:: TASK BRIEF ::
Aim for an exact copy of the listing, without any images.

:: DATASET EXCERPTS ::
——

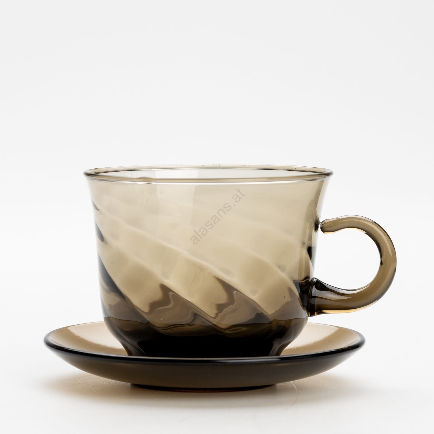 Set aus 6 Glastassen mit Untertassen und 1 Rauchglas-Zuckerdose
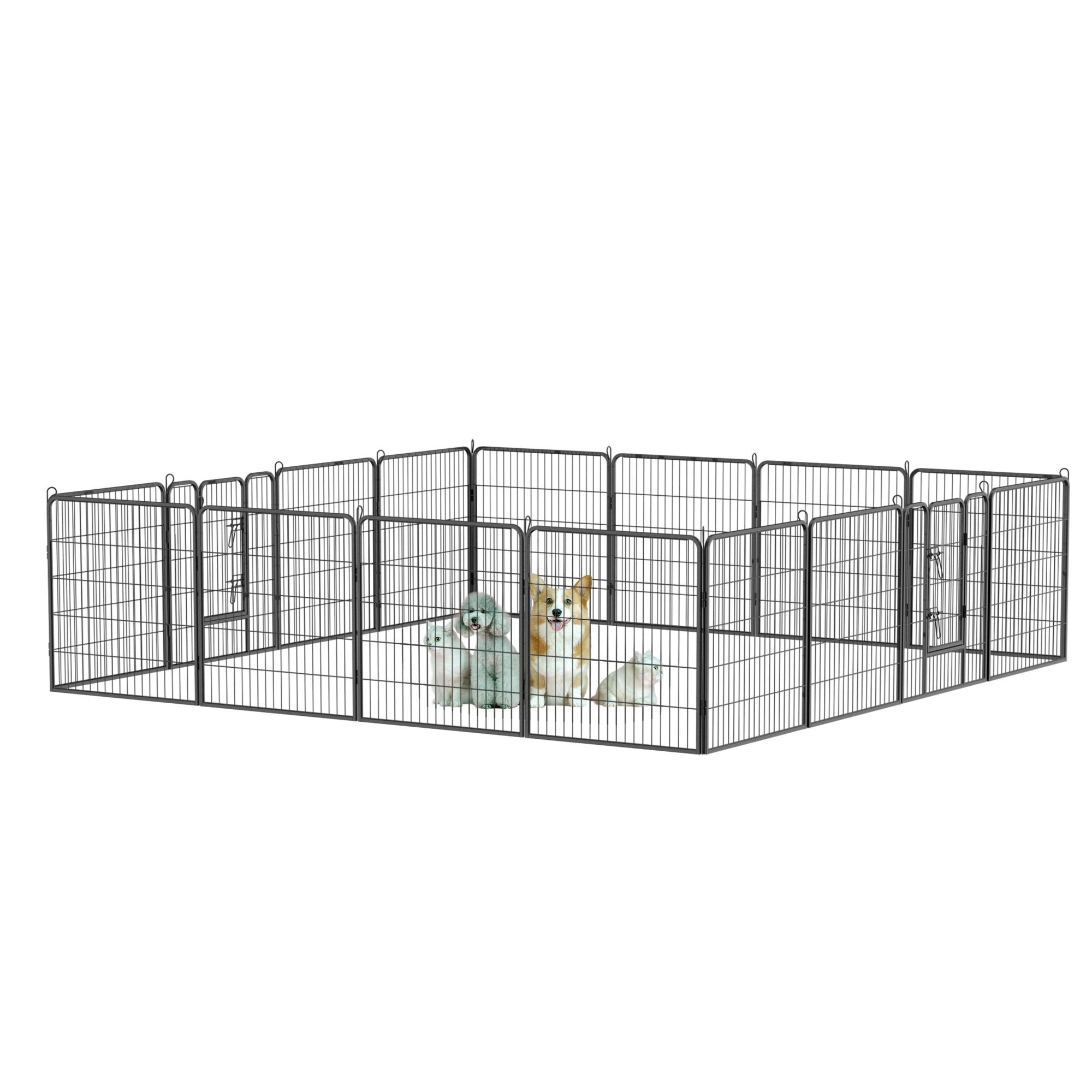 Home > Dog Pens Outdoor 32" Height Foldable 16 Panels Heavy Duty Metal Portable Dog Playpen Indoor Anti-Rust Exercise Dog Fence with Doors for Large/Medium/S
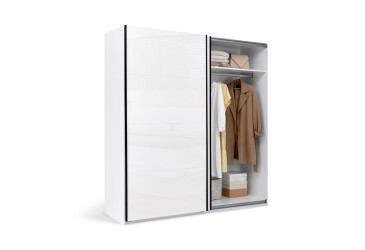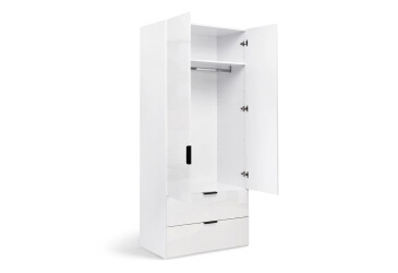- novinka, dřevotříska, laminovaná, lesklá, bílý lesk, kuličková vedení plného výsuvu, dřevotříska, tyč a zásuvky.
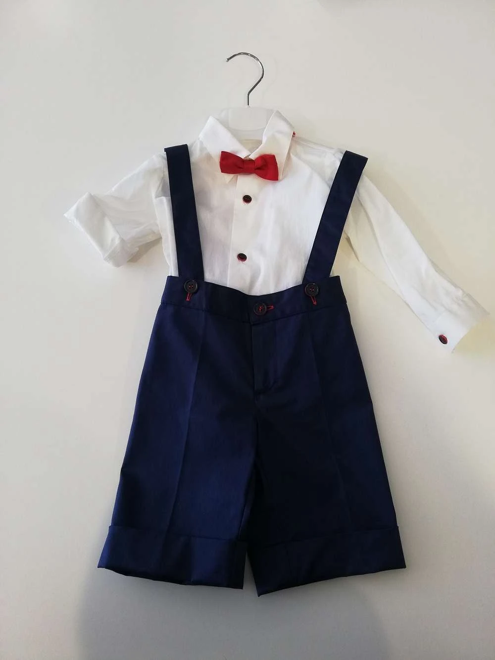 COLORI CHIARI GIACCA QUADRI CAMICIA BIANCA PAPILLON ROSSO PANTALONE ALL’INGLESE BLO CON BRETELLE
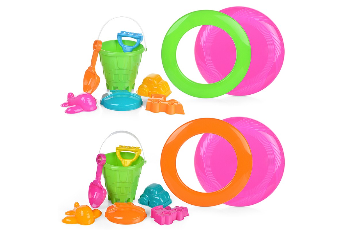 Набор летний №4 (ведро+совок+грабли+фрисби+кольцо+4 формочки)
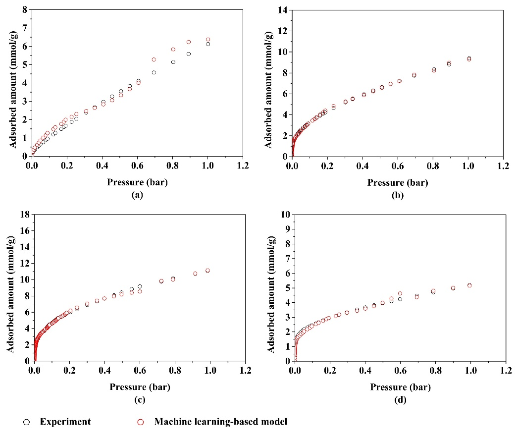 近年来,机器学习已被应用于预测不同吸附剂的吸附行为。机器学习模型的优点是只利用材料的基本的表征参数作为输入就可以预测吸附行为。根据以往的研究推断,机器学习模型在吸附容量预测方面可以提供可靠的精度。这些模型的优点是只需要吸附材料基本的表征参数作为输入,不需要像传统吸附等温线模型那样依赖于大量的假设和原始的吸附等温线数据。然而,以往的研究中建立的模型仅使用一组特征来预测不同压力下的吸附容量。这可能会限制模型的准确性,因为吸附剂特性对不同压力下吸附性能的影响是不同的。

——

:: EXERCISE RESULT ::
 Set aus 6 Glastassen mit Untertassen und 1 Rauchglas-Zuckerdose
 Home > Dog Pens Outdoor 32" Height Foldable 16 Panels Heavy Duty Metal Portable Dog Playpen Indoor Anti-Rust Exercise Dog Fence with Doors for Large/Medium/S
- novinka, dřevotříska, laminovaná, lesklá, bílý lesk, kuličková vedení plného výsuvu, dřevotříska, tyč a zásuvky.
 COLORI CHIARI GIACCA QUADRI CAMICIA BIANCA PAPILLON ROSSO PANTALONE ALL’INGLESE BLO CON BRETELLE
 Набор летний №4 (ведро+совок+грабли+фрисби+кольцо+4 формочки)
 近年来,机器学习已被应用于预测不同吸附剂的吸附行为。机器学习模型的优点是只利用材料的基本的表征参数作为输入就可以预测吸附行为。根据以往的研究推断,机器学习模型在吸附容量预测方面可以提供可靠的精度。这些模型的优点是只需要吸附材料基本的表征参数作为输入,不需要像传统吸附等温线模型那样依赖于大量的假设和原始的吸附等温线数据。然而,以往的研究中建立的模型仅使用一组特征来预测不同压力下的吸附容量。这可能会限制模型的准确性,因为吸附剂特性对不同压力下吸附性能的影响是不同的。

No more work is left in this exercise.